BEGIN
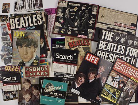 A large lot of ephemera from an avid Beatles collector, 8 reel-to-reel tapes (not played by us), 20+ fan magazines from the 1960s such as Songs and Stars, Song Hits Magazine, Hit Parader, Teen Screen and more; several mainstream magazines such as Life featuring articles on the Beatles, two copies of "The Best of the Beatles" and other specially-produced commemorative magazines with lyrics and so forth; many Beatles movie cards, a "Beatles for President" poster, 8" x 10" color candid photographs taken during concerts by more current musicians such as Cheap Trick, Keith Richards, The Cars, and others; two scrapbooks chock full of newsclippings, and more. Should be viewed.
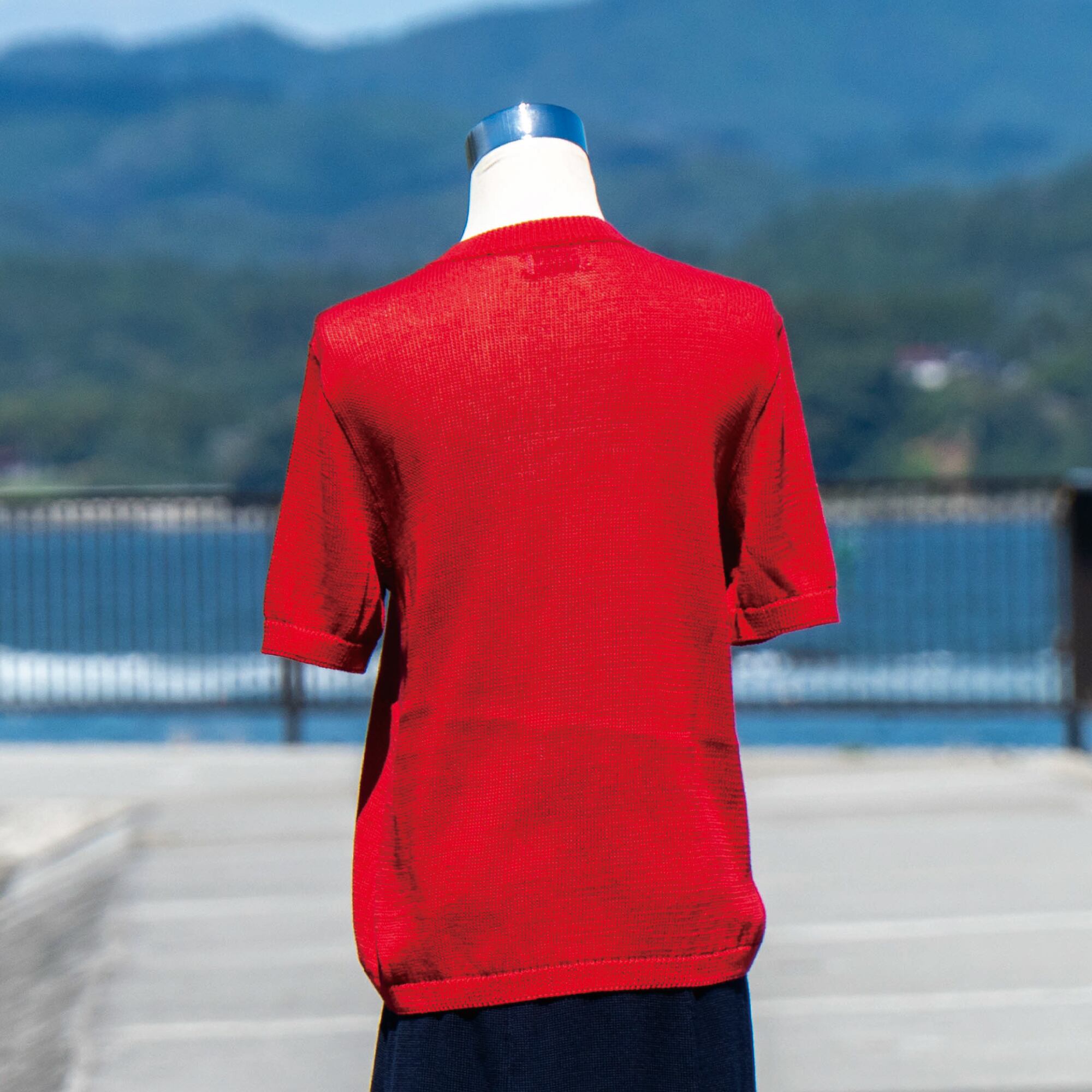 昔ながらの家庭用編み機を使って、1枚ずつ丁寧に編み上げた、ニットTシャツです。
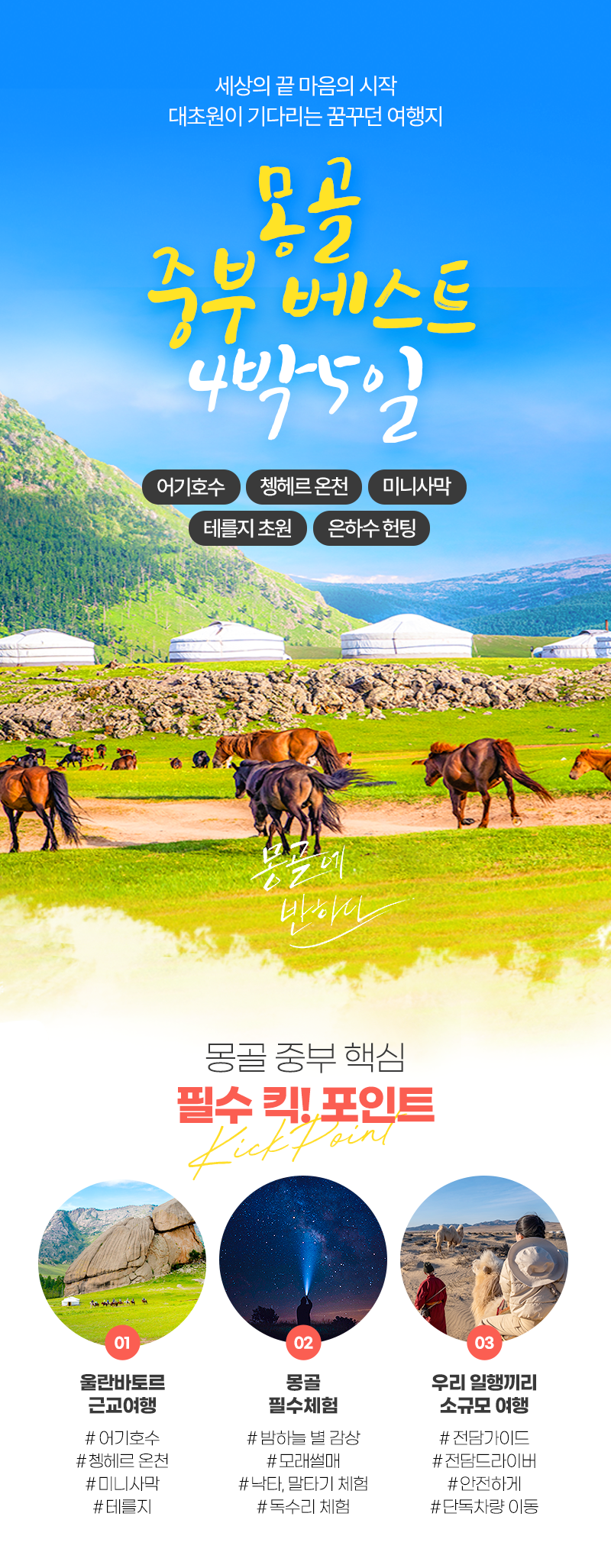 * 테를지특식 : 허르헉 + 한국식 8종반찬(석식) 1회제공됩니다. 테를지 일정에서만 제공됩니다.
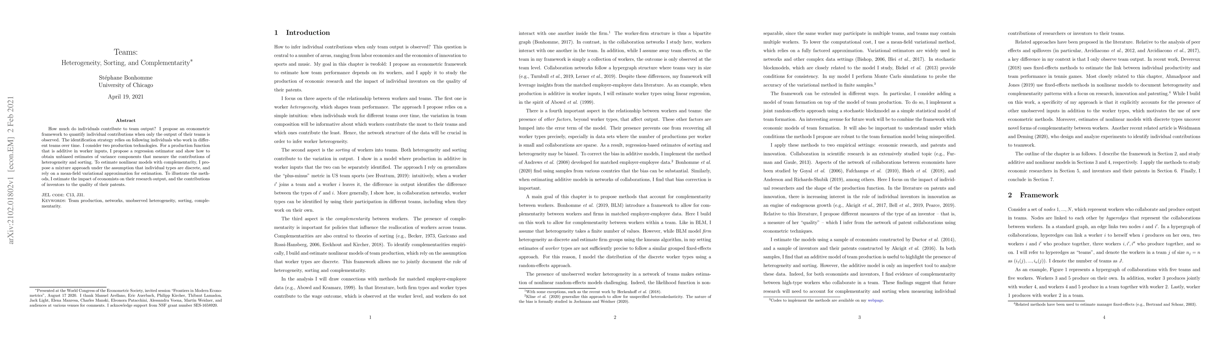 How much do individuals contribute to team output? I propose an econometric framework to quantify individual contributions when only the output of their teams is observed. The identification strategy relies on following individuals who work in different teams over time. I consider two production technologies. For a production function that is additive in worker inputs, I propose a regression estimator and show how to obtain unbiased estimates of variance components that measure the contributions of heterogeneity and sorting. To estimate nonlinear models with complementarity, I propose a mixture approach under the assumption that individual types are discrete, and rely on a mean-field variational approximation for estimation. To illustrate the methods, I estimate the impact of economists on their research output, and the contributions of inventors to the quality of their patents.
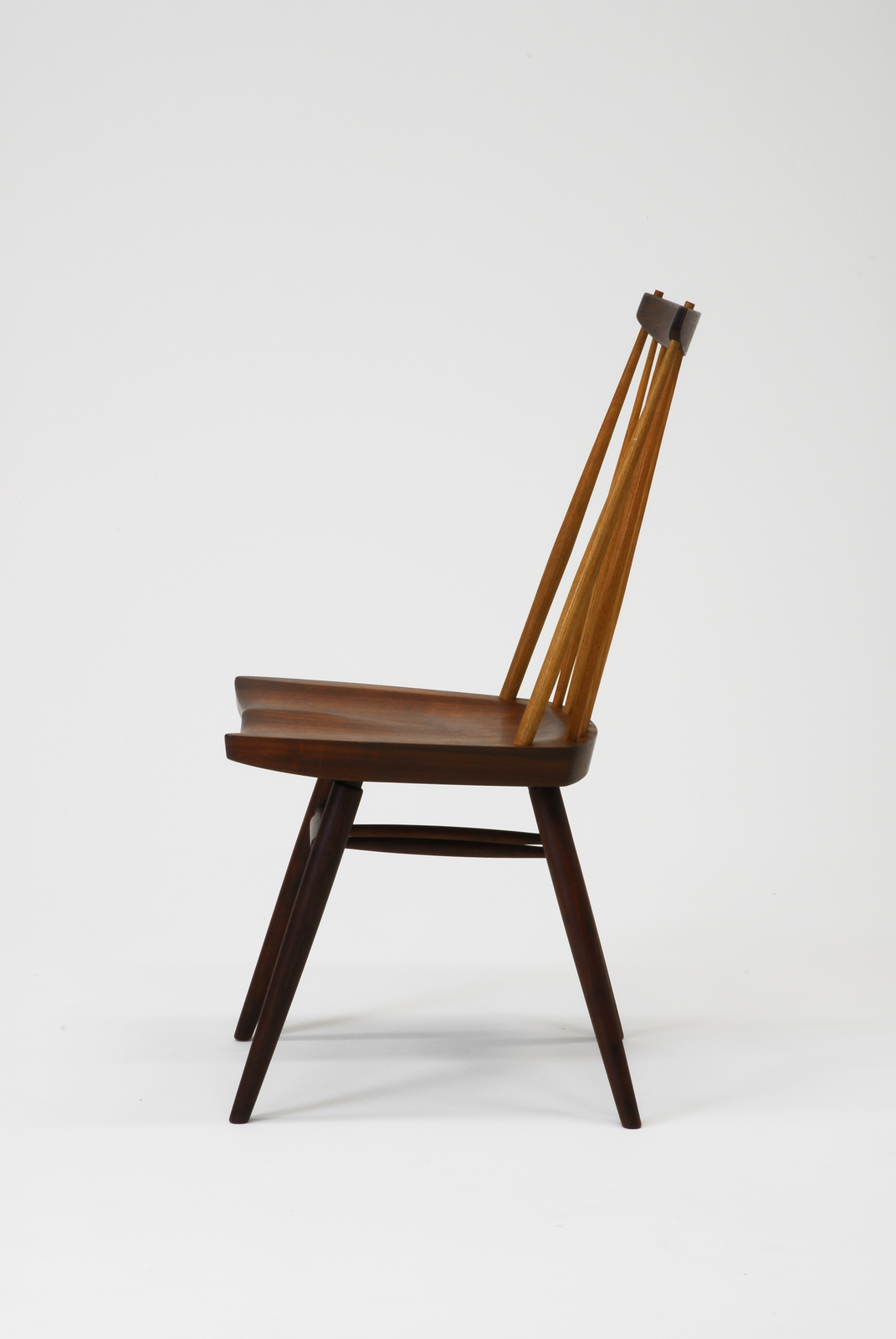 ミラーチェア(124、128)とほぼ同じ材料と構造である。4本脚でも貫が施されているのは、ミラーチェアの安定性に対する反省からであると考えられる。ジョージ・ナカシマの一連の作品と異なる点は、脚の付け根である座面に差し込む部分と貫の先端部分の加工が、2段彫りになっている点である。近代椅子のルーツともいえるイギリスのウインザーチェアからの影響を強く感じられるデザイン。独自の工房でクラフトマンシップを前面に出した、ジョージ・ナカシマらしい椅子。 |
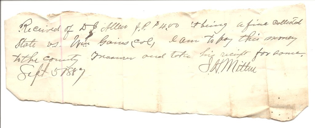 Yet again, I’m unsure of the name. My best guess is SH Milton, but I cannot find anyone like that on an 1880 or 1900 census. The person for whom the fine is due looks to be Wm Gaines, colored. I’ve found a William Gaines, 48, on the 1900 census living in Lilesville. I’m not certain, of course, that it’s the same person and need to see if I can find any court records to document. A $4 fine back then seems to indicate, at least to me, a more serious crime.
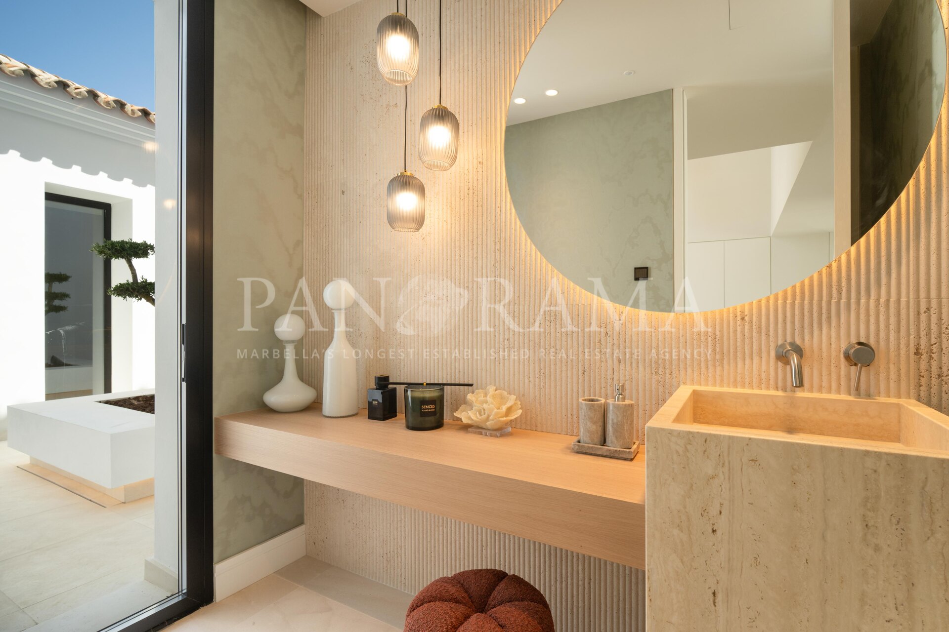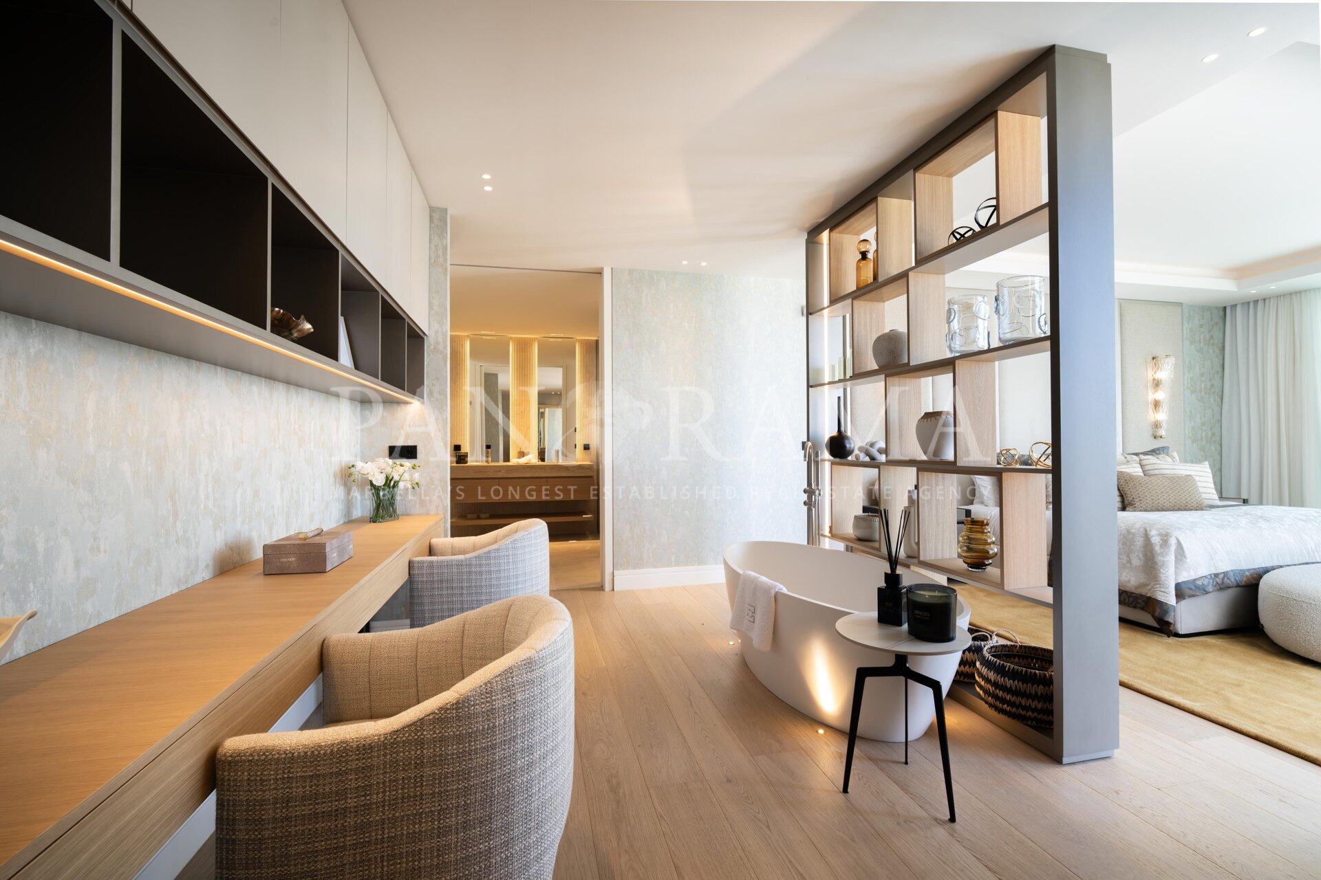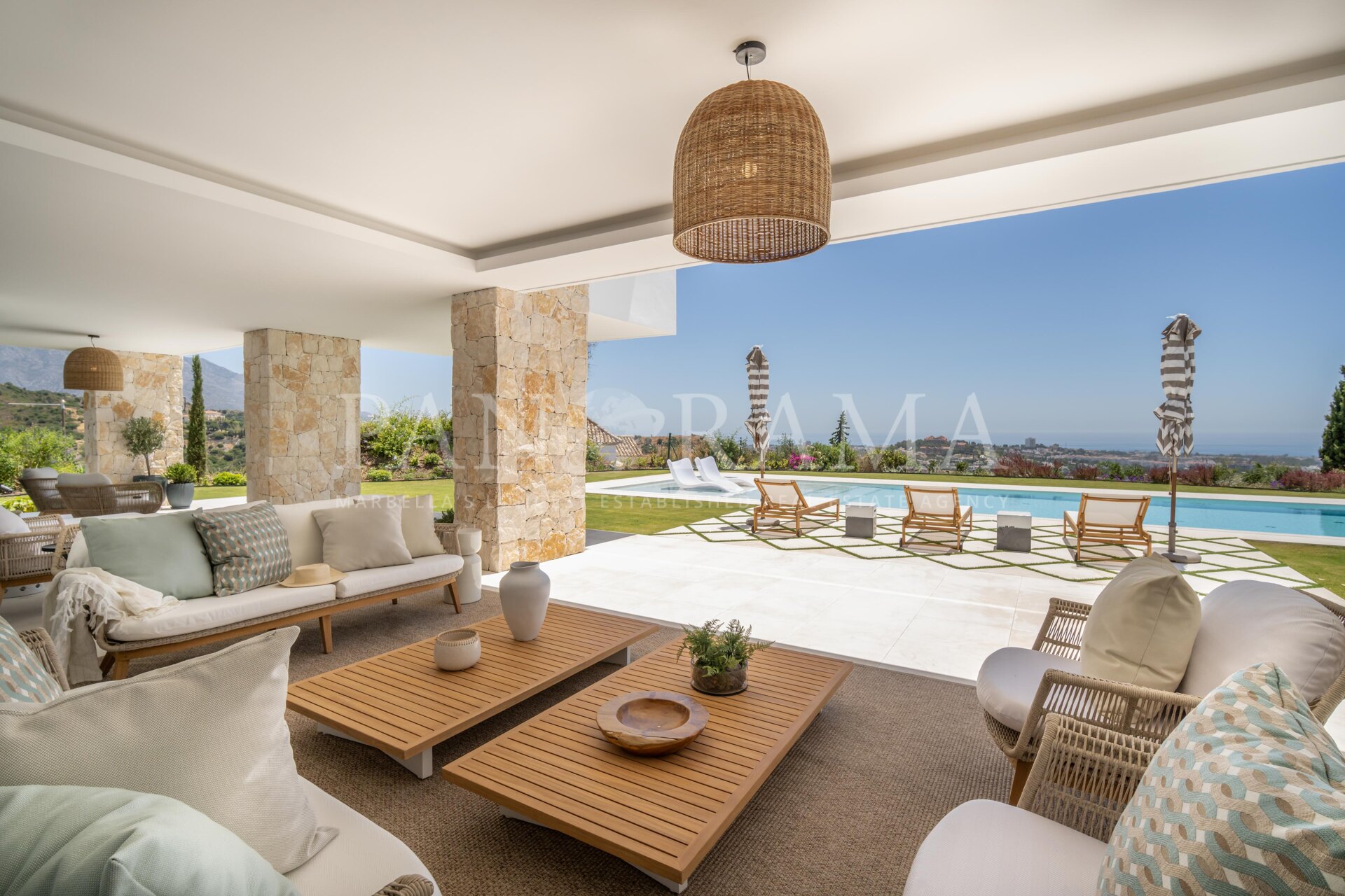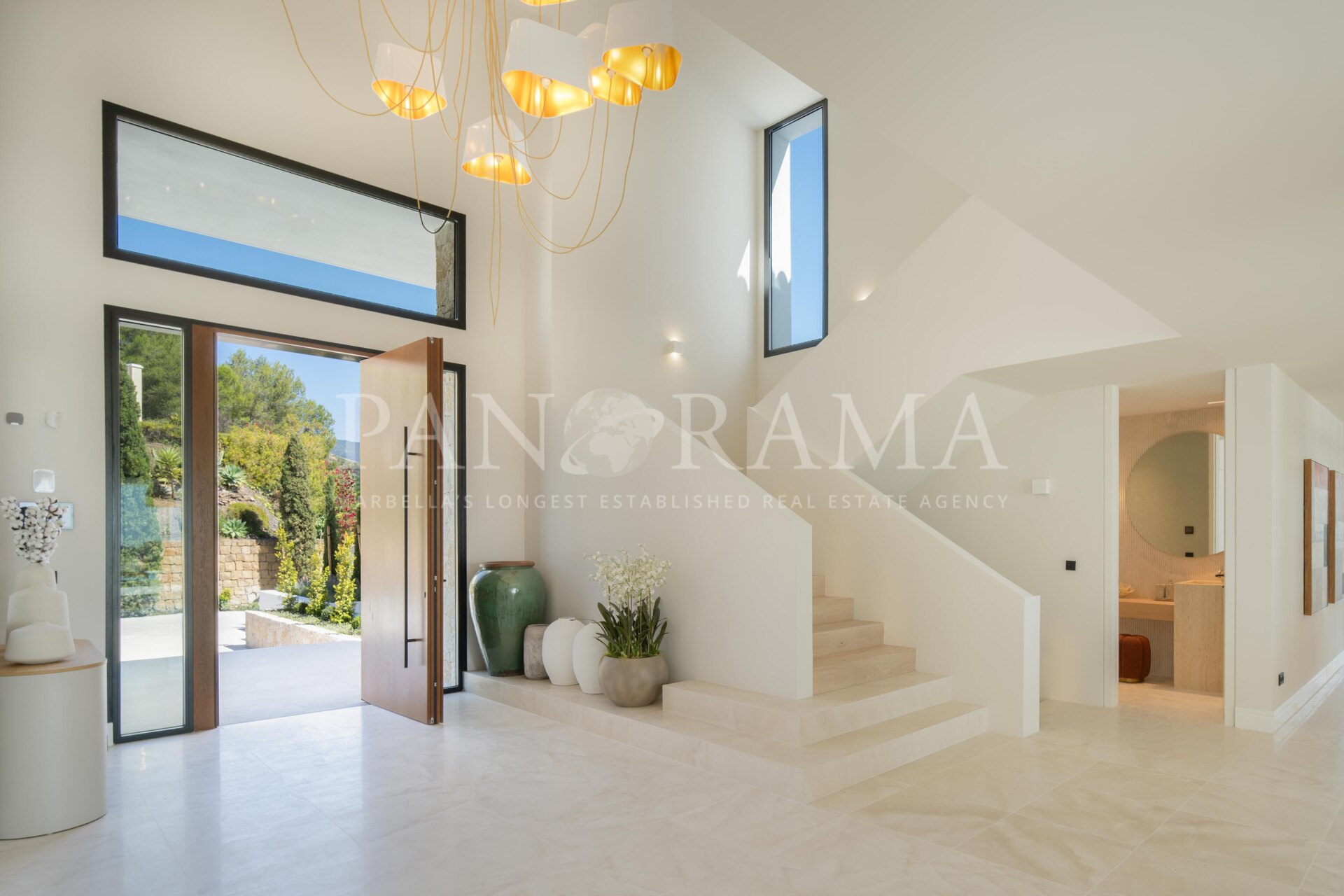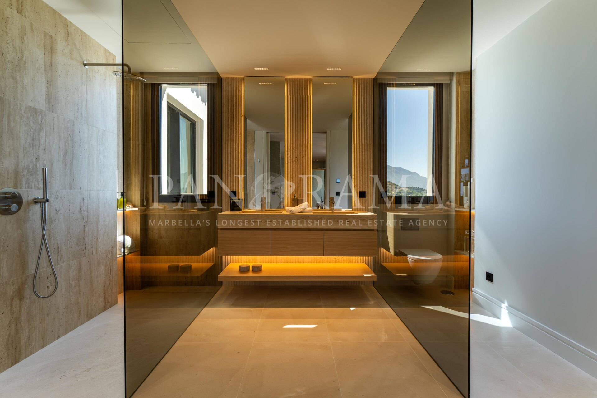 La villa cuenta con una integración perfecta entre la sala de estar, el comedor y una cocina moderna que constituye el corazón del hogar, destacándose por una impresionante isla y amplio espacio de almacenamiento. Los dormitorios están elegantemente decorados, con el dormitorio principal como un oasis privado conectado a una terraza privada que ofrece vistas panorámicas al mar Mediterráneo y al entorno verde circundante, ideal para relajarse y disfrutar del entorno.
END
- **TASK OBJECTIVE**:
Please copy only the lines from the one that contains "昔ながらの家庭用編み機を使って、1枚ずつ丁寧に編み上げた、ニットTシャツです。" through the last line of the records, exactly, and keep every picture out of the copy.

- **EXERCISE ANSWER**:
 昔ながらの家庭用編み機を使って、1枚ずつ丁寧に編み上げた、ニットTシャツです。
 * 테를지특식 : 허르헉 + 한국식 8종반찬(석식) 1회제공됩니다. 테를지 일정에서만 제공됩니다.
 How much do individuals contribute to team output? I propose an econometric framework to quantify individual contributions when only the output of their teams is observed. The identification strategy relies on following individuals who work in different teams over time. I consider two production technologies. For a production function that is additive in worker inputs, I propose a regression estimator and show how to obtain unbiased estimates of variance components that measure the contributions of heterogeneity and sorting. To estimate nonlinear models with complementarity, I propose a mixture approach under the assumption that individual types are discrete, and rely on a mean-field variational approximation for estimation. To illustrate the methods, I estimate the impact of economists on their research output, and the contributions of inventors to the quality of their patents.
 ミラーチェア(124、128)とほぼ同じ材料と構造である。4本脚でも貫が施されているのは、ミラーチェアの安定性に対する反省からであると考えられる。ジョージ・ナカシマの一連の作品と異なる点は、脚の付け根である座面に差し込む部分と貫の先端部分の加工が、2段彫りになっている点である。近代椅子のルーツともいえるイギリスのウインザーチェアからの影響を強く感じられるデザイン。独自の工房でクラフトマンシップを前面に出した、ジョージ・ナカシマらしい椅子。 |
 Yet again, I’m unsure of the name. My best guess is SH Milton, but I cannot find anyone like that on an 1880 or 1900 census. The person for whom the fine is due looks to be Wm Gaines, colored. I’ve found a William Gaines, 48, on the 1900 census living in Lilesville. I’m not certain, of course, that it’s the same person and need to see if I can find any court records to document. A $4 fine back then seems to indicate, at least to me, a more serious crime.
 La villa cuenta con una integración perfecta entre la sala de estar, el comedor y una cocina moderna que constituye el corazón del hogar, destacándose por una impresionante isla y amplio espacio de almacenamiento. Los dormitorios están elegantemente decorados, con el dormitorio principal como un oasis privado conectado a una terraza privada que ofrece vistas panorámicas al mar Mediterráneo y al entorno verde circundante, ideal para relajarse y disfrutar del entorno.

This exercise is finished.